The stranger is soon introduced as David, a war veteran who has come to honour the wishes of his fallen comrade by telling each member of his family that he loved them. To say the family has issues is an understatement, the mother is a grief-stricken wreck, the father drinks to escape his problems at work, the son is bullied at school and the daughter is just sick of them all. David manages to ingratiate himself with each member of the family, alternating between sweet, naïve and just plain good looking. The viewer, however, is never in any doubt that David is a bat-shit crazy psychopath hell bent on destroying the family.
Dan Stevens is the perfect choice for David, pulling off the sexy but sinister psycho with ease. The casting in general is brilliant, setting this film apart from its genre movie counterparts.
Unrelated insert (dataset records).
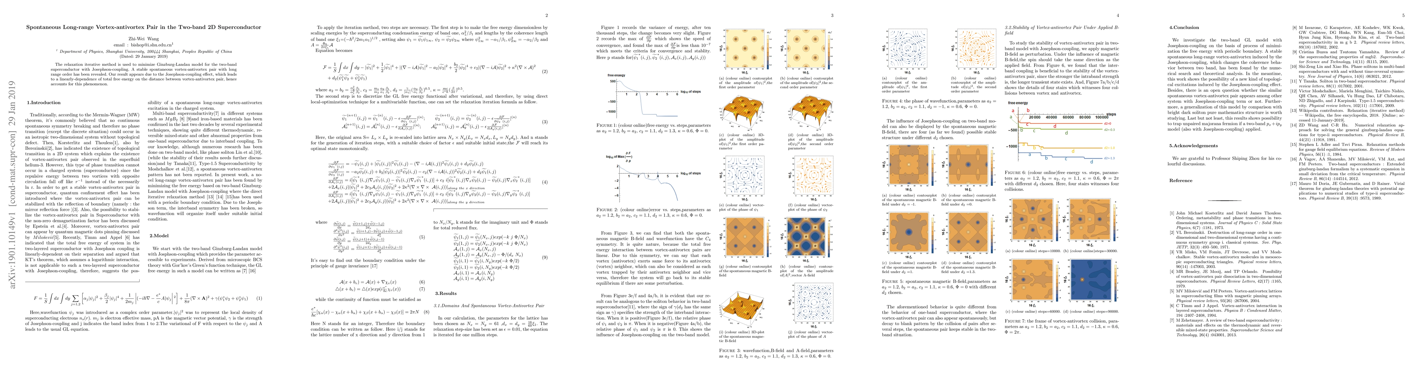 The relaxation iterative method is used to minimize Ginzburg-Landau model for the two-band superconductor with Josephson-coupling. A stable spontaneous vortex-antivortex pair with long range order has been revealed. Our result appears due to the Josephson-coupling effect, which leads to a linearly-dependence of total free energy on the distance between vortex-antivortex pair, hence accounts for this phenomenon.
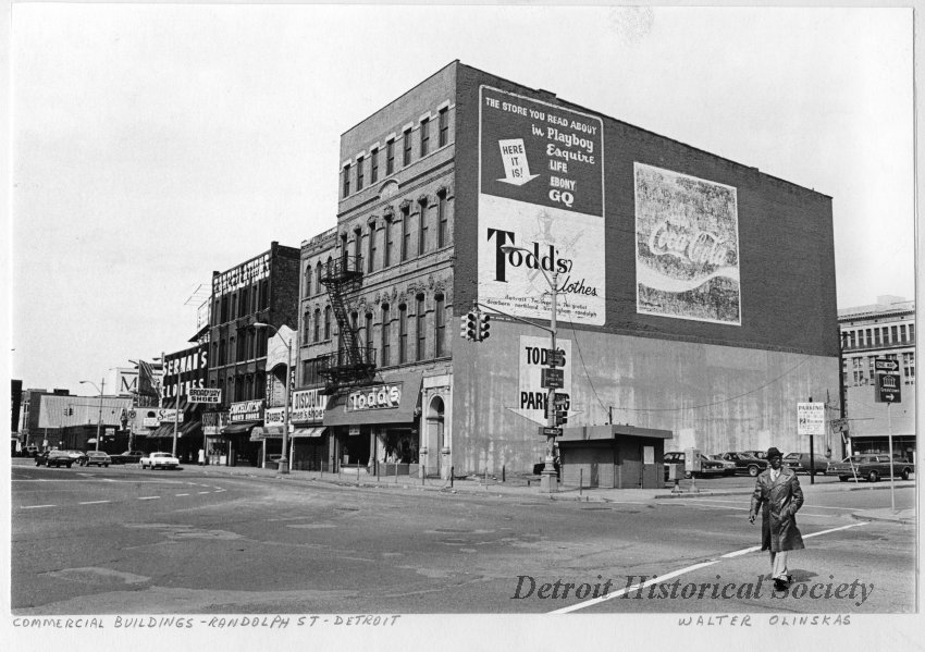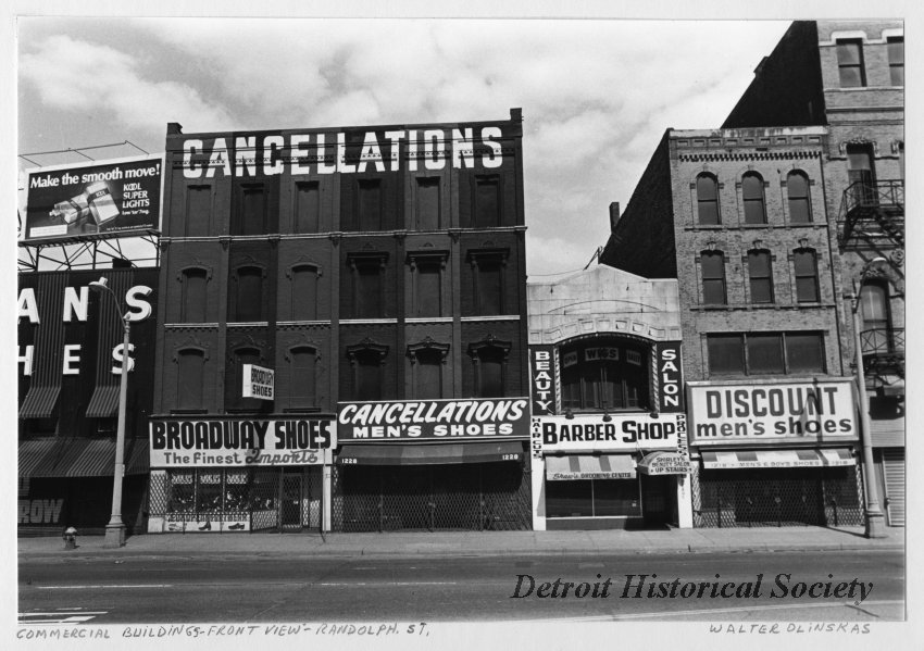 The commercial buildings on Randolph Street flourished as a shopping district into the 20th century, housing numerous commercial enterprises over the years including legal offices and shops for tailors, jewelers, printers, druggists, publishers, artists, and sculptors. By the early 1900s, the District was largely composed of dry goods and clothing establishments, which still engaged in the old-fashioned practice of bartering within the clothing and shoe stores rather than setting fixed prices. Today, the area is adjacent to the Greektown district, and most of the buildings house street level bars or restaurants, with the upper floors of the buildings remaining unoccupied. The last remaining clothing establishment, Serman’s, at 1238 Randolph, closed in 2013 after 96 years in business. The building was acquired by Rock Ventures LLC in 2013.
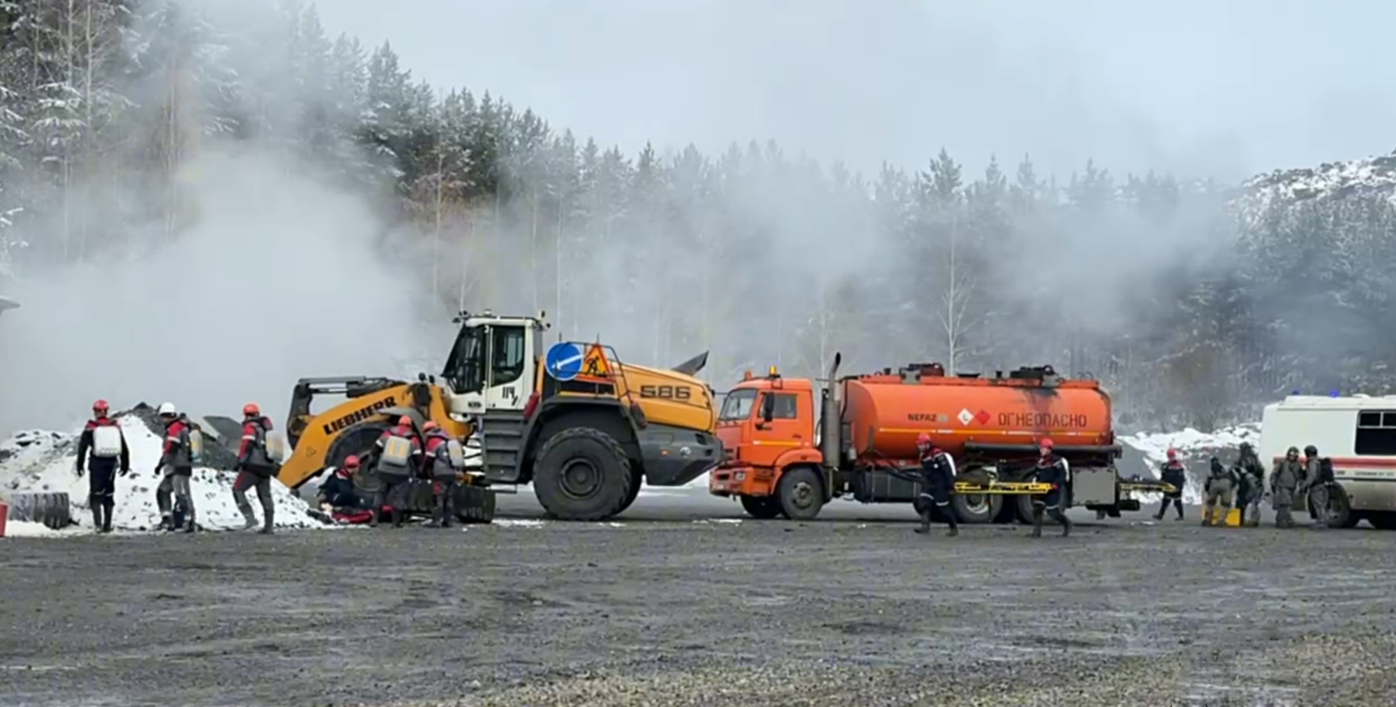 Водитель погрузчика смог доложить о происшествии диспетчеру филиала. На месте ЧС был создан оперативный штаб, который поручил вспомогательной горноспасательной команде приступить к тушению БелАЗа, разбору горной породы и оказанию помощи пострадавшим водителям.
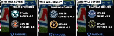 Only about half of those surveyed picked the Eagles when given 2.5 points. In the other two games, nearly 7 of 10 respondents picked the Niners to cover a 4.5-point spread against the underdog Cowboys, and close to 9 of 10 picked the Steelers to cover the spread against the Giants on Monday Night Football.
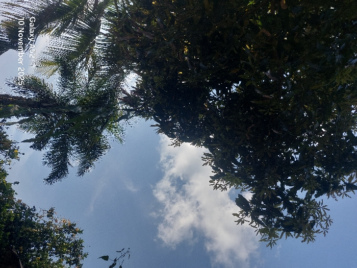- "This image, captured in Akwanga, Nigeria, presents an upward view of tropical tree canopies against a clear blue sky interspersed with scattered white clouds" by FM-iUdvr2, licensed under CC BY 4.0
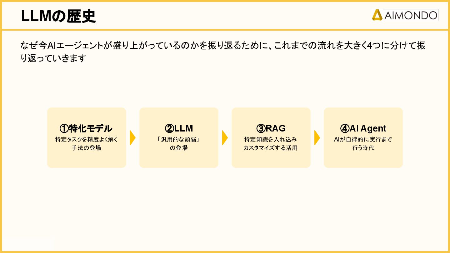confidential ④AI Agent(2025~※) 「人間が目標を設定する」「目標を達成するための計画を行う」「環境と相互作用する」「自分でタスクを実 行する」AIエージェントの流行 ①特化モデル 特定タスクを精度よく解く 手法の登場 ④AI Agent
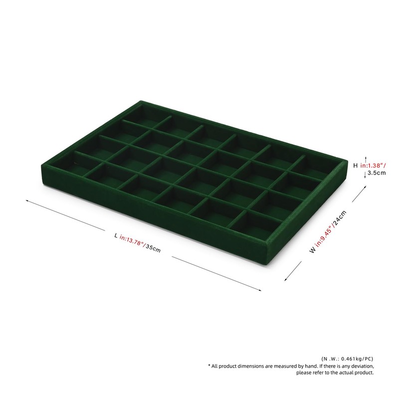 Oirlv Jahrgang Grün Samt 24 Grids Schmucktablett für Uhren,Armbändern, Armreifen,Schmuck,Ringe,Ohrringe
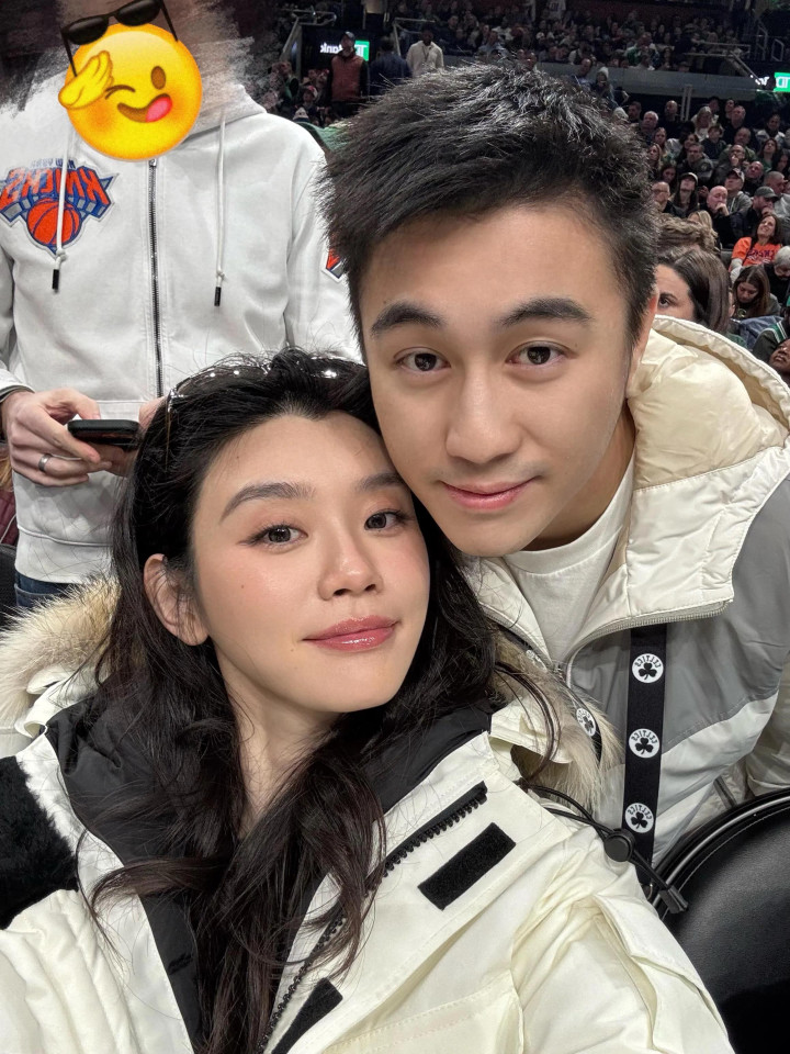 奚梦瑶和何猷君一都在NBA全明星赛的看台上合影,奚梦瑶和何猷君脸贴脸,他俩大方的秀恩爱,情绪很巩固甜密。

Brendan Meyer and Maiko Monroe play Luke and Anna, the two younger members of the family, and their nuanced characters mean that the slow burning first half of the film is just as enjoyable as the action-packed second half. Their relationships with David provide some of the best comedy moments, such as Anna’s suspicions being temporarily quelled just by his steamy exit from the shower.
The audience is never quite sure of the era being portrayed here, as Wingard plays around with 70s diner costumes, 90s high school dances, an 80s synthetic soundtrack and modern day wars in the Middle East. This culminates in a ridiculously over-the-top climax bursting with carnage and humour.
If there’s one drawback, it’s the half-arsed reasoning behind David’s motives for his arrival and the ludicrous explanation for his psychotic behaviour. It’s never really fully explained and it feels deliberate, like the creators never really cared in the first place. This may have been a conscious decision and it’s certainly only a slight snag to what is otherwise a rollercoaster of a movie.
The Guest is released nationwide on 5th September 2014.